This week, I focused on experimenting 2 different approaches to improve the transcription accuracy while maintaining a good user experience as much as possible.
The first approach is to continue providing real-time transcription by feeding the model 1-second audio chunks. What’s new is at the end of each recording session, I rerun the model using the entire audio, which could take some significant time duration as long as the audio duration, but provide a significantly more accurate transcription, which acts as an “autocorrection” to the entire transcription. Then I present the output of the model running on the entire audio at the bottom of the real-time generated text and allow the user to decide whether to use or ignore the “autocorrection”. The experience is shown below:
The second approach is to also continue providing real-time transcription by feeding the model 1-second audio chunks but as the user is making the recording, every 3 seconds, I would resend the last 3 seconds’ audio to be re-evaluated by the model and replace the last 3 second’s real-time generated texts with the “autocorrected” texts.

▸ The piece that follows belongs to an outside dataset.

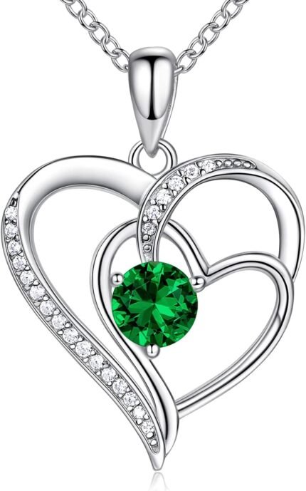 BlingGem Heart Necklaces for Women 925 Sterling Silver Birthstone Necklace for Women With 2 Birthstones Womens Jewelry Customized Pendant Necklace Gifts For Women Wife Mom

This experience is closer to the autocorrecting transcription experience provided by Siri. The transcription accuracy of the “autocorrected” transcription for 3-second chunks did get better compared to the original transcription from 1-second chunks, but the accuracy is worse than the output of running the model over the entire audio (approach 1) as expected.
The next step is to incorporate Nick’s newly trained transcription model (trained on large SEAME dataset), which could make the transcription accuracy higher, especially the English transcription. The model has relatively smooth performance. Also, after Marco’s site collects sufficient audio samples, I will run batch tests on our model to have a more rigorous evaluation when the input audios are more diverse.
So far, the integration and evaluation schedule has no delay.